# color



## sethwas (Apr 30, 2002)

So,
This was mentioned in the member rides section. Basically people were calling out: white is best, no black is better, I like teal, etc. So heres where you can post your favorite factory color. I don't care much for which color as long as its clean and doesn't make you gag. Personally I like beemer blue (deeper than WRX or skyline blue) but that didn't come as an option. I have burgundy which I like. Its red, and then again it really isn't. It doesn't have the 'economy car' look (rent-a-car maybe, but not 'economy car').
Still, comment away...

Seth

AG2 AZTEC RED
AL0 RUBY PEARL 
AR0 AUTUMN SUNBURST 
AT1 CINNAMON BRONZE 
AW4 NEW RED 
AX2 NEW RED 
AX5 NEW RED 
BN5 SILVER MINT 
BN6 STARFIRE BLUE PEARL 
BR1 ROYAL BLUE 
BR2 PACIFIC BLUE
BS8 DEEP CRYSTAL BLUE 
BT1 SLATE BLUE 
BX4 NEW BLUE 
BX5 JUST BLUE 
BX6 NEW BLUE 
BX7 ELECTRIC BLUE 
CV2 NEW BEIGE 
DS2 SIERRA PINE 
DW2 NEW GREEN 
ES4 GOLDSTONE 
ES5 TIMBER FROST 
FN4 VIVID TEAL 
KH3 SUPER BLACK
KK0 ANTHRACITE GRAY 
KN4 PLATINUM GOLD 
KV1 CHARCOAL MIST 
KV9 NEW SILVER 
LR0 MAGENTA 
QM1 CLOUD WHITE


----------



## Shawn (Sep 18, 2002)

I've always liked blue cars, thus i choose blue


----------



## panek69 (Jan 21, 2003)

I chosse blue because i have my car in a midnight blue!

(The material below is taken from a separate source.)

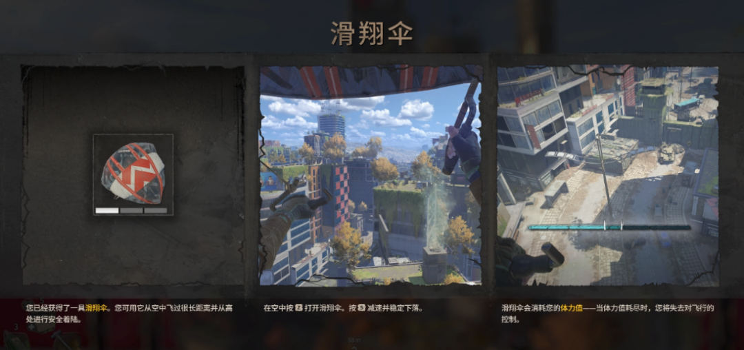 例如滑翔伞与爪钩。滑翔伞能让玩家滑翔很长一段距离,从而飞至距离较远的建筑物,或者在坠落时降低速度安全着陆。

Peace


----------



## nissan 0wnz you (Nov 8, 2002)

Mine is Sierra Pine Green...  I absolutely LOVE IT... there aren't many green cars around here to begin with, but especially that shade of dark green... after I wash and wax my car it looks awesome in the sunlight!


----------



## sentravis (Jul 7, 2002)

i like my teal in the sunlight.. with a clear skies day.. it kinda has like a Blue tint to it.. but a pinch of green.. it looks real classy.. but then again.. ive always liked white but had two white ones allready.. so i was thinking of if i painted my sentra.. it would be black..because i love the stealth look.. and it would be sweet if i wanted heavy chrome rimes with a black car.. that would be pimp daddy cool ...Travis


----------



## sentravis (Jul 7, 2002)

then again.. i saw a wrx blue sentra.. and it was pretty kick ass as well.. so there aremany colors of the rainbow that look good for our car.. personally. i would love to see a sick yellow sentra lol.. Travis


----------